-- Activity --
The answer is all of the data repeated exactly, with each picture omitted.

-- Data shown --
────
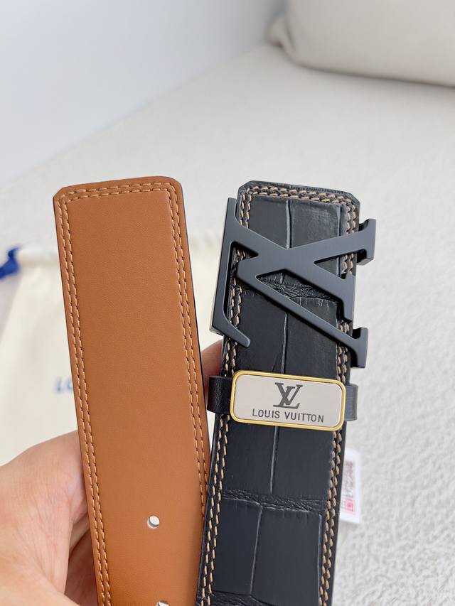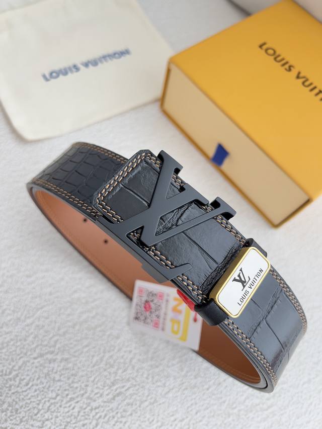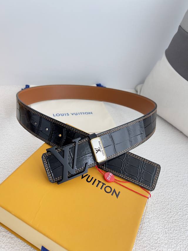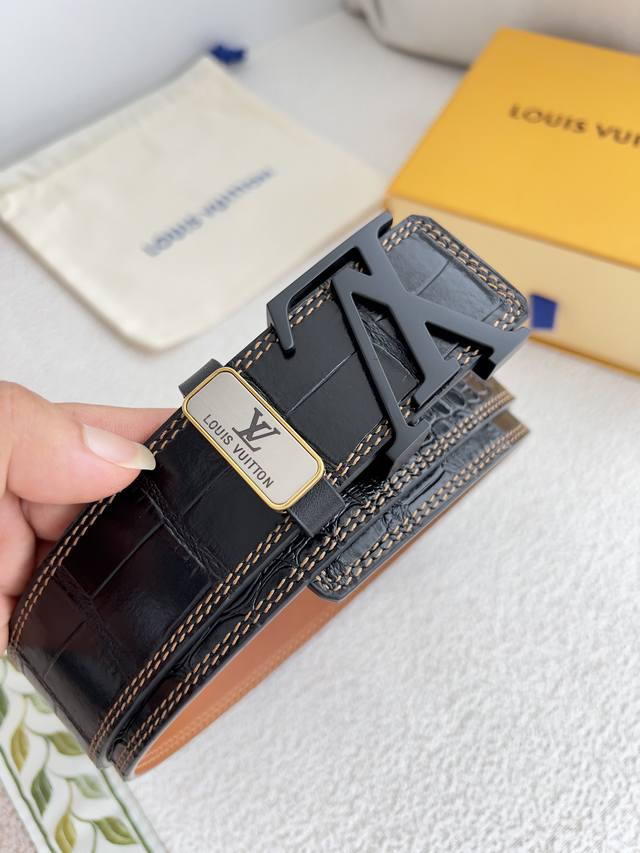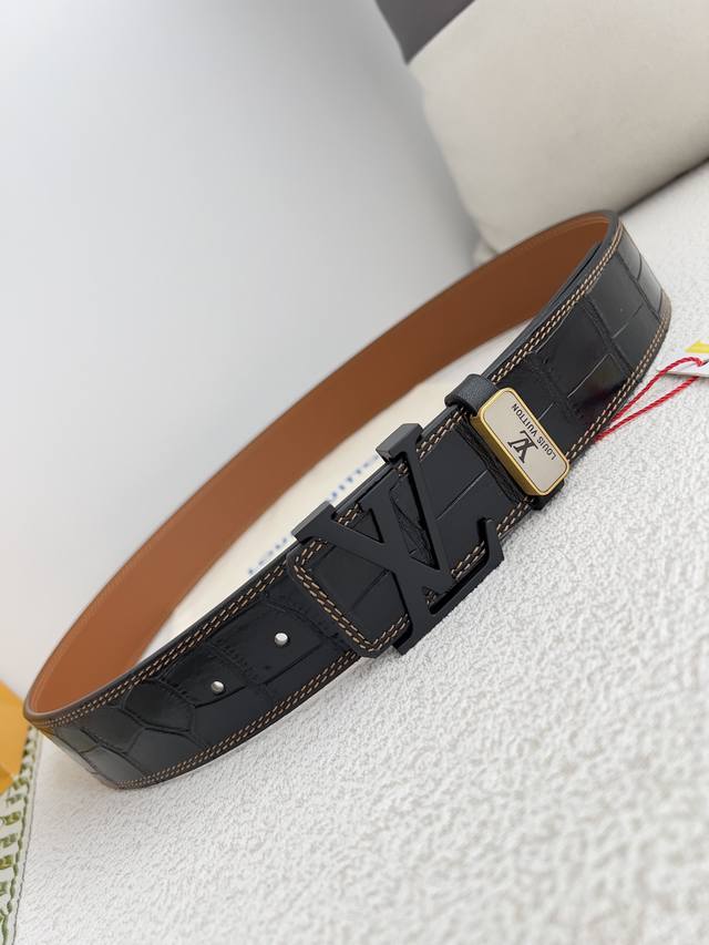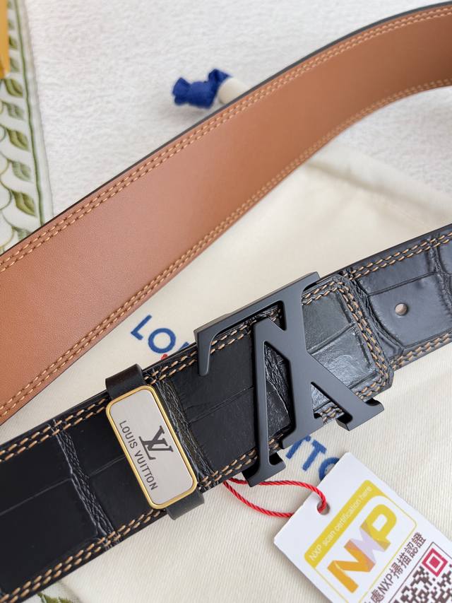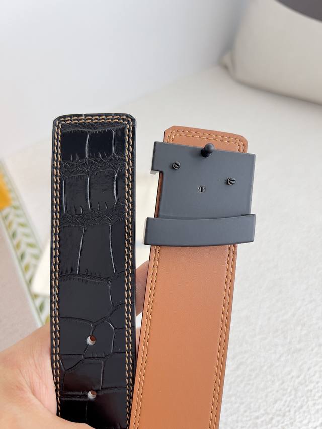 材料:头层牛皮,挂扣系列,纯钢材质扣头,钯镀电镀工艺永不掉色。原版经典头层牛皮双线鳄鱼纹黑土黄头层牛皮平纹底,黑扣,可双面使用,纯钢材质扣头,专柜同等质量,送人自用首选
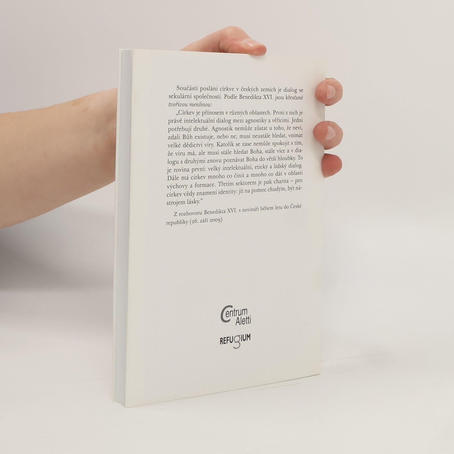 κήρυγμα /μαρτυρία – λειτουργία – διακονία. Součástí poslání církve v českých zemích je dialog se sekulární společností. Podle Benedikta XVI. jsou křesťané tvořivou menšinou: "Církev je přínosem v různých oblastech. První z nich je právě intelektuální dialog mezi agnostiky a věřícími. Jedni potřebují druhé. Agnostik nemůže zůstat u toho, že neví, zdali Bůh existuje, nebo ne; musí neustále hledat, vnímat velké dědictví víry. Katolík se zase nemůže spokojit s tím, že víru má, ale musí stále hledat Boha, stále více a v dialogu s druhými znovu poznávat Boha do větší hloubky. To je rovina první: velký intelektuální, etický a lidský dialog. Dále má církev mnoho co činit a mnoho co dát v oblasti výchovy a formace. Třetím sektorem je pak charita – pro církev vždy znamení identity: jít na pomoc chudým, být nástrojem lásky." Z rozhovoru Benedikta XVI. s novináři během letu do České republiky (26. září 2009)
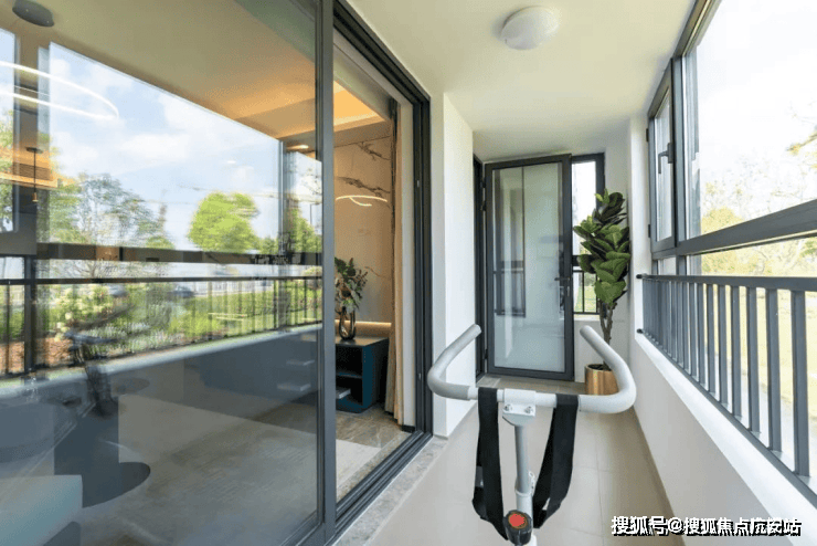 南向宽幕阳台,可以打造出多重场景,除了晾晒、洗衣之外,也可以健身、画画、品茶聊天。
────
-- Completed exercise --
 材料:头层牛皮,挂扣系列,纯钢材质扣头,钯镀电镀工艺永不掉色。原版经典头层牛皮双线鳄鱼纹黑土黄头层牛皮平纹底,黑扣,可双面使用,纯钢材质扣头,专柜同等质量,送人自用首选
 κήρυγμα /μαρτυρία – λειτουργία – διακονία. Součástí poslání církve v českých zemích je dialog se sekulární společností. Podle Benedikta XVI. jsou křesťané tvořivou menšinou: "Církev je přínosem v různých oblastech. První z nich je právě intelektuální dialog mezi agnostiky a věřícími. Jedni potřebují druhé. Agnostik nemůže zůstat u toho, že neví, zdali Bůh existuje, nebo ne; musí neustále hledat, vnímat velké dědictví víry. Katolík se zase nemůže spokojit s tím, že víru má, ale musí stále hledat Boha, stále více a v dialogu s druhými znovu poznávat Boha do větší hloubky. To je rovina první: velký intelektuální, etický a lidský dialog. Dále má církev mnoho co činit a mnoho co dát v oblasti výchovy a formace. Třetím sektorem je pak charita – pro církev vždy znamení identity: jít na pomoc chudým, být nástrojem lásky." Z rozhovoru Benedikta XVI. s novináři během letu do České republiky (26. září 2009)
 南向宽幕阳台,可以打造出多重场景,除了晾晒、洗衣之外,也可以健身、画画、品茶聊天。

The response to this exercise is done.